American tech media and bloggers have been shoving the valid concerns aside ever since Apple announced this new backdoor into iOS, and it’s barely been a week and we already see major tentpoles come crashing down. I try not to swear on OSNews, but there’s no other way to describe this than as a giant clusterfuck of epic proportions.
Yes, there is very little coverage, but expecting more from the media is probably not realistic.
I expect most tech journalists to be conflicted. They of course have affinity to our common interests. However if Apple says this is a good thing, and a few random people say it is not, they will probably choose the safer option.

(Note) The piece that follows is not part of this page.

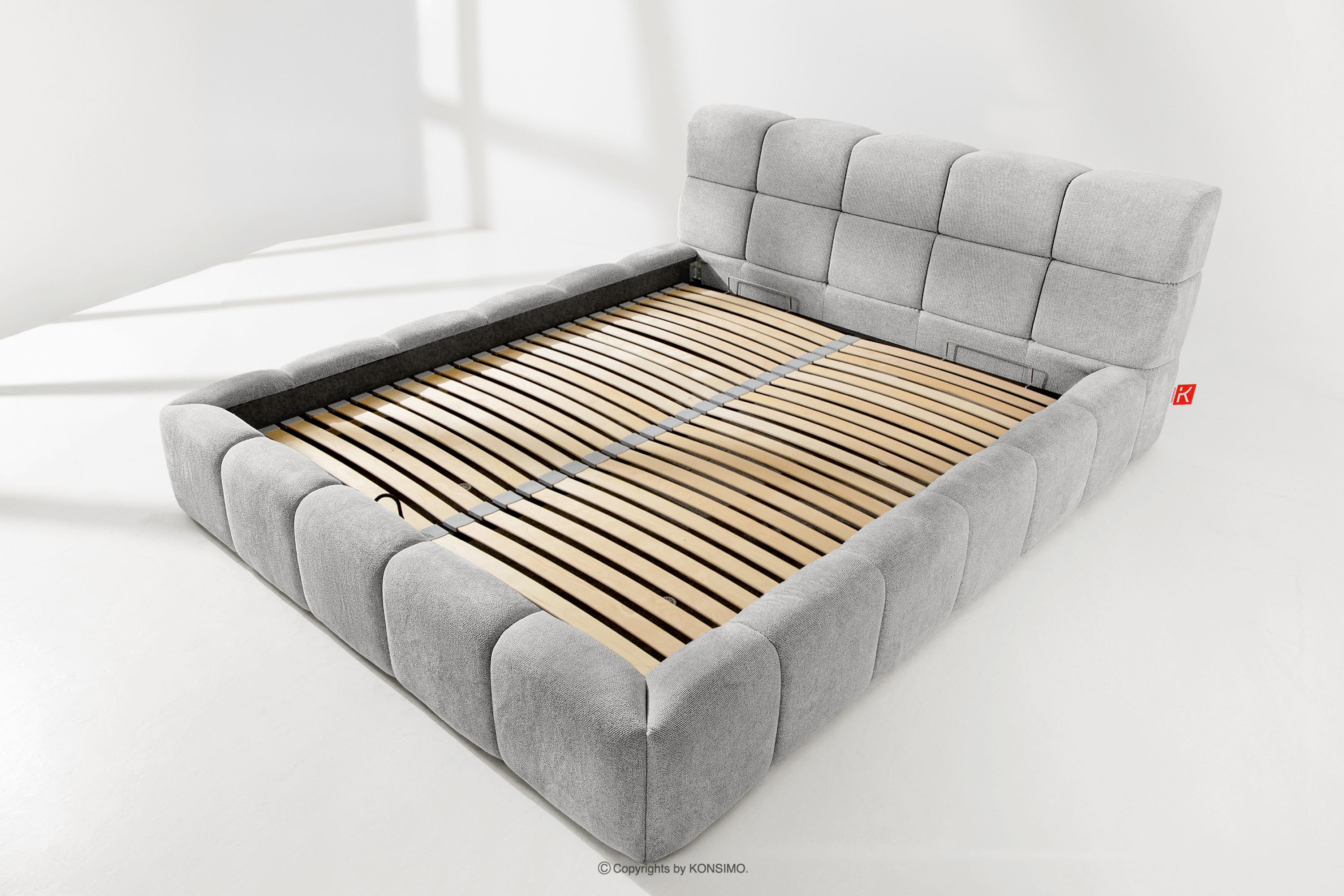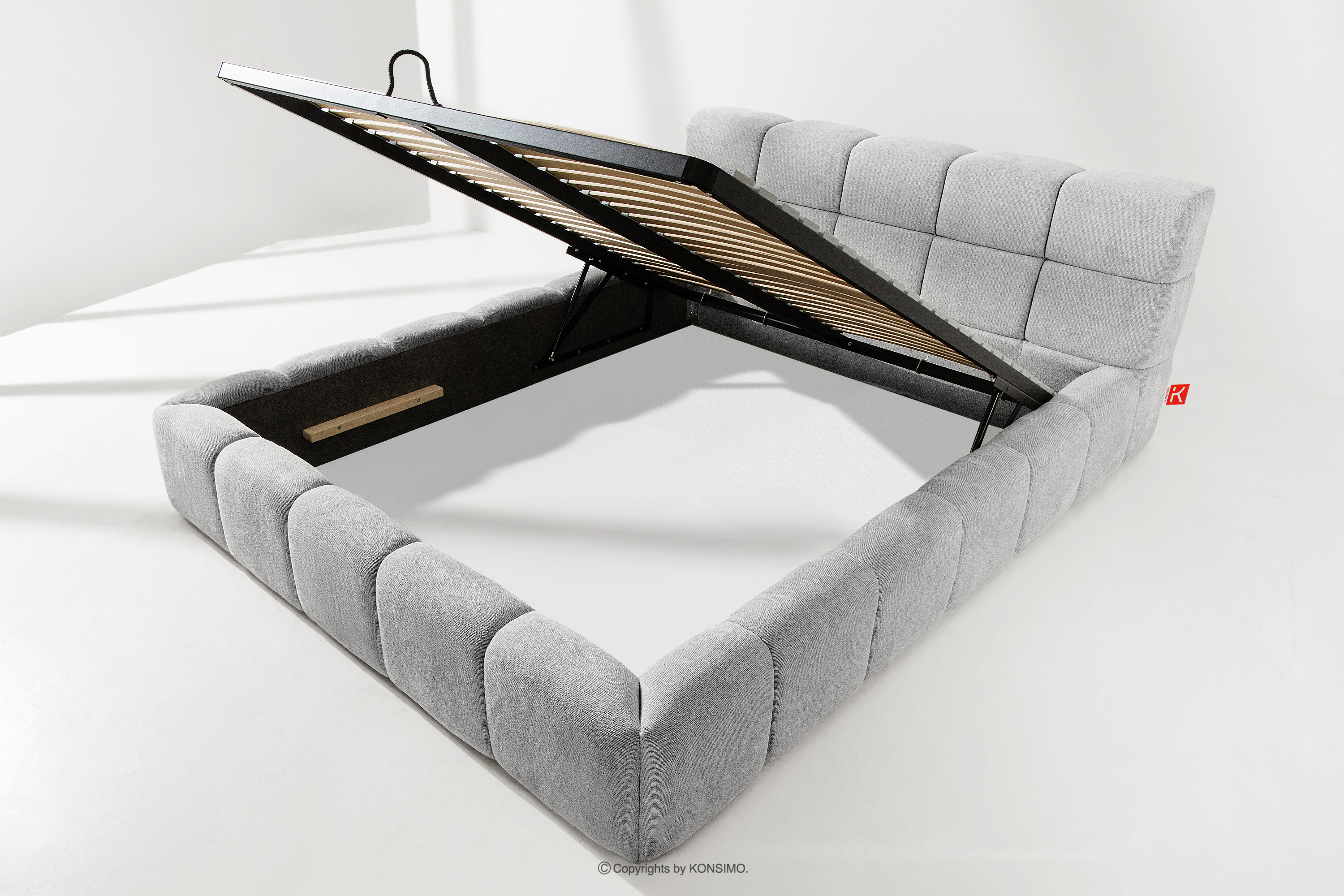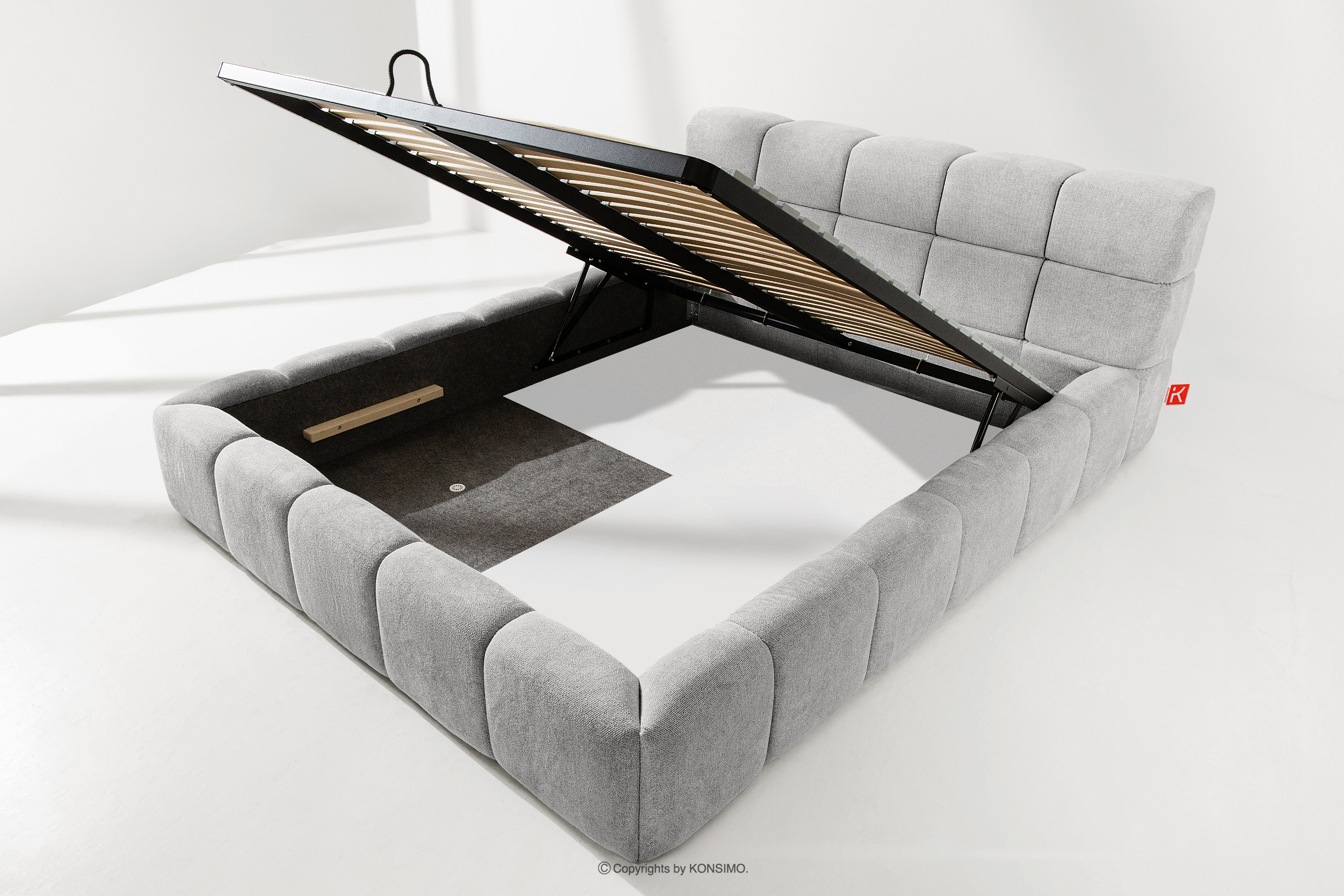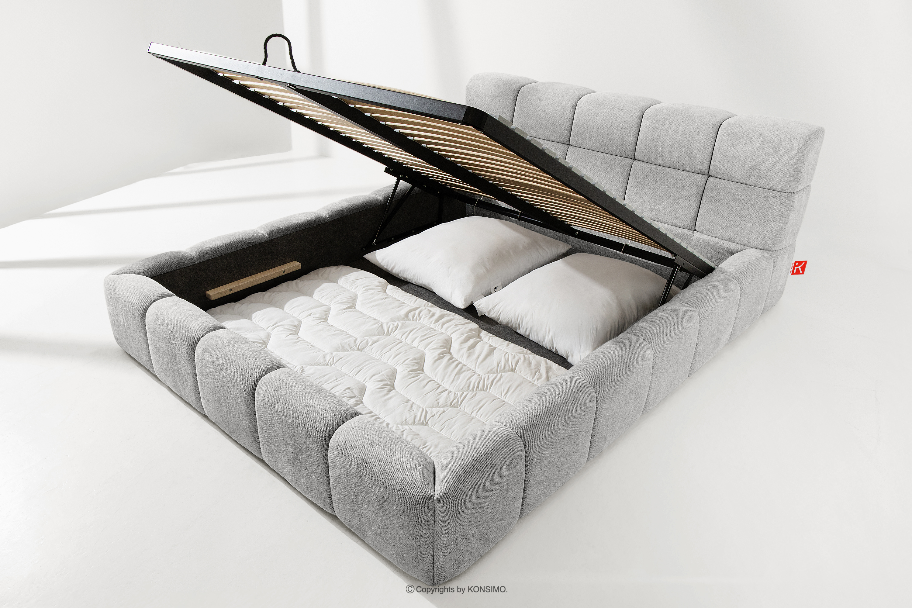 Praktyczny pojemnik na pościel, otwierany za pomocą gazowych siłowników, to nowoczesne rozwiązanie, które ułatwia dostęp do przechowywanych rzeczy, bez potrzeby dużego wysiłku. Funkcjonalność tego mechanizmu sprawia, że pojemnik otwiera się płynnie i lekko, co dodatkowo zwiększa komfort użytkowania.

Even though people individually would have good intentions, there would be an implicit bias to favor their favorite companies.
In game journalism, this is perceived as being “bribed”: https://www.reddit.com/r/Games/comments/sdp2p/are_game_reviewers_actually_bribed/. It is not, but there is an “access” issue. I remember seeing some outlets blacklisted for negative reviews. Same could be thought for any outlet covering a tech firm. A “Microsoft Insider” for example is unlikely to heavily criticize Microsoft and continue being an insider.
Again, this is probably at subconscious level, and not done with a bad intent.
It’s something I’ve always wondered.
Why do we place such faith in standard hash functions for uniqueness?
The first time I really thought about it was when I was first shown how GIT works. It basically says that 2 files are equal if their hashes are the same. Yes, we all operate with full knowledge that hash collisions in real life are rare. Yet, they still happen. It puzzled me why the uniqueness of a file didn’t include some actual data of the file (file size, maybe name…). Apparently, it was just always thought that those bits to store actual data of the file would be better spent making the hash-size bigger.
To me, making something like file-size a part of the hash cuts off entire vectors of attack (can’t remove or add data to a file to make the hashes the same) for example. Storing the filename help cut off any accidental file collisions that might screw up the repo at the expense that file renames might be stored as a ‘new’ object.
In this case, it seems Apple has at least designed it to expect collisions. But the details of the secondary validation system are not really known, so who knows what it really does.
Like I said, I know using hashing as uniqueness seems to be a thing we depend on in the modern age. There’s just a part of my brain that doesn’t want to accept it 100 percent. Linus would probably have a field day on me 🙂